— What is expected —
Your output must be the lines below from the line containing "Here once again" to the line containing "Seabra (Av. […]", both lines included, reproduced exactly and without pictures.

START Task material

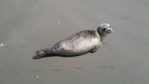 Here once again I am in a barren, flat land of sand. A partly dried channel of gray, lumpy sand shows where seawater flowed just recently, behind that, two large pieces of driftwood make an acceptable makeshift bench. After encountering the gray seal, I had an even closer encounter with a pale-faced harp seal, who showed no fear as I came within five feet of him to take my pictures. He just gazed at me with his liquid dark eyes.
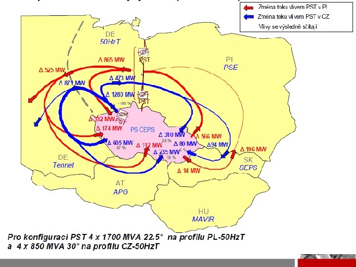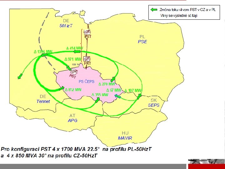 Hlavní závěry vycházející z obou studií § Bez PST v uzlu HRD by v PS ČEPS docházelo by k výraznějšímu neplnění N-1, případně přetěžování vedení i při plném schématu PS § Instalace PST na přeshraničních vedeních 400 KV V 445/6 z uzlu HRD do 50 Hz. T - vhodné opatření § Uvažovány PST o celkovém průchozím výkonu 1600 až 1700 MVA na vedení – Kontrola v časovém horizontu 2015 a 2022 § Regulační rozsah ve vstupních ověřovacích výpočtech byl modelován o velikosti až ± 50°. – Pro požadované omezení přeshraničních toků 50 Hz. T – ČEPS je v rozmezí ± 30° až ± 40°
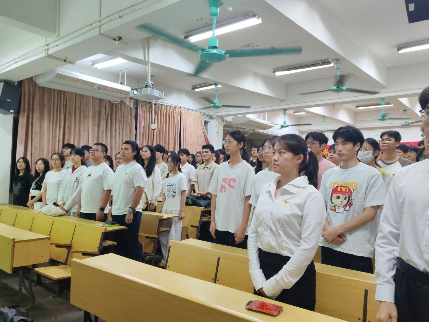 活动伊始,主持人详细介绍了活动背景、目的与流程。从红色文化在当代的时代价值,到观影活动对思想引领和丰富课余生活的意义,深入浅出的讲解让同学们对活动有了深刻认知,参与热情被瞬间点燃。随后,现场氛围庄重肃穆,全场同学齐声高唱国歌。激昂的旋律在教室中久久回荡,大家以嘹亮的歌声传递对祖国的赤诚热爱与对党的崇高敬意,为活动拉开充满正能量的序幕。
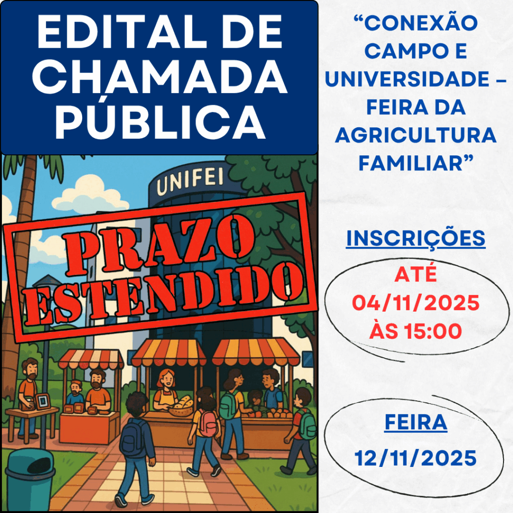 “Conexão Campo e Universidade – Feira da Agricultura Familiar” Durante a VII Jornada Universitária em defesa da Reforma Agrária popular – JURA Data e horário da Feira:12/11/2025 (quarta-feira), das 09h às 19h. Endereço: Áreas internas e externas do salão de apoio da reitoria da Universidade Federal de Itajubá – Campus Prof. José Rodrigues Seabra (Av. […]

END Task material
START Task material

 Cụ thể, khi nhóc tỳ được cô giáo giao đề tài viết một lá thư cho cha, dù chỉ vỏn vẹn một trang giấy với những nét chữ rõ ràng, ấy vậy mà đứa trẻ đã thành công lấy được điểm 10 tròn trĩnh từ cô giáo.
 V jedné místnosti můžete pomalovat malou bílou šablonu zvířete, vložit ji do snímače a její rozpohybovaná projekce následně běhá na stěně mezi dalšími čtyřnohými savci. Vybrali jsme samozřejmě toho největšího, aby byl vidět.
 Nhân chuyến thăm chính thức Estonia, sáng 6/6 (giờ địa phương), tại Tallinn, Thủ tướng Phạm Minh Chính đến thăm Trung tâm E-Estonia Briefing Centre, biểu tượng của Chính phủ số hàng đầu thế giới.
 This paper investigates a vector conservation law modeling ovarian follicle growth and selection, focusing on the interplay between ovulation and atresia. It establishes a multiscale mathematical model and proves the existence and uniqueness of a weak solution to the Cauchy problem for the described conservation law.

END Task material

— Solution for this problem —
 Here once again I am in a barren, flat land of sand. A partly dried channel of gray, lumpy sand shows where seawater flowed just recently, behind that, two large pieces of driftwood make an acceptable makeshift bench. After encountering the gray seal, I had an even closer encounter with a pale-faced harp seal, who showed no fear as I came within five feet of him to take my pictures. He just gazed at me with his liquid dark eyes.
 Hlavní závěry vycházející z obou studií § Bez PST v uzlu HRD by v PS ČEPS docházelo by k výraznějšímu neplnění N-1, případně přetěžování vedení i při plném schématu PS § Instalace PST na přeshraničních vedeních 400 KV V 445/6 z uzlu HRD do 50 Hz. T - vhodné opatření § Uvažovány PST o celkovém průchozím výkonu 1600 až 1700 MVA na vedení – Kontrola v časovém horizontu 2015 a 2022 § Regulační rozsah ve vstupních ověřovacích výpočtech byl modelován o velikosti až ± 50°. – Pro požadované omezení přeshraničních toků 50 Hz. T – ČEPS je v rozmezí ± 30° až ± 40°
 活动伊始,主持人详细介绍了活动背景、目的与流程。从红色文化在当代的时代价值,到观影活动对思想引领和丰富课余生活的意义,深入浅出的讲解让同学们对活动有了深刻认知,参与热情被瞬间点燃。随后,现场氛围庄重肃穆,全场同学齐声高唱国歌。激昂的旋律在教室中久久回荡,大家以嘹亮的歌声传递对祖国的赤诚热爱与对党的崇高敬意,为活动拉开充满正能量的序幕。
 “Conexão Campo e Universidade – Feira da Agricultura Familiar” Durante a VII Jornada Universitária em defesa da Reforma Agrária popular – JURA Data e horário da Feira:12/11/2025 (quarta-feira), das 09h às 19h. Endereço: Áreas internas e externas do salão de apoio da reitoria da Universidade Federal de Itajubá – Campus Prof. José Rodrigues Seabra (Av. […]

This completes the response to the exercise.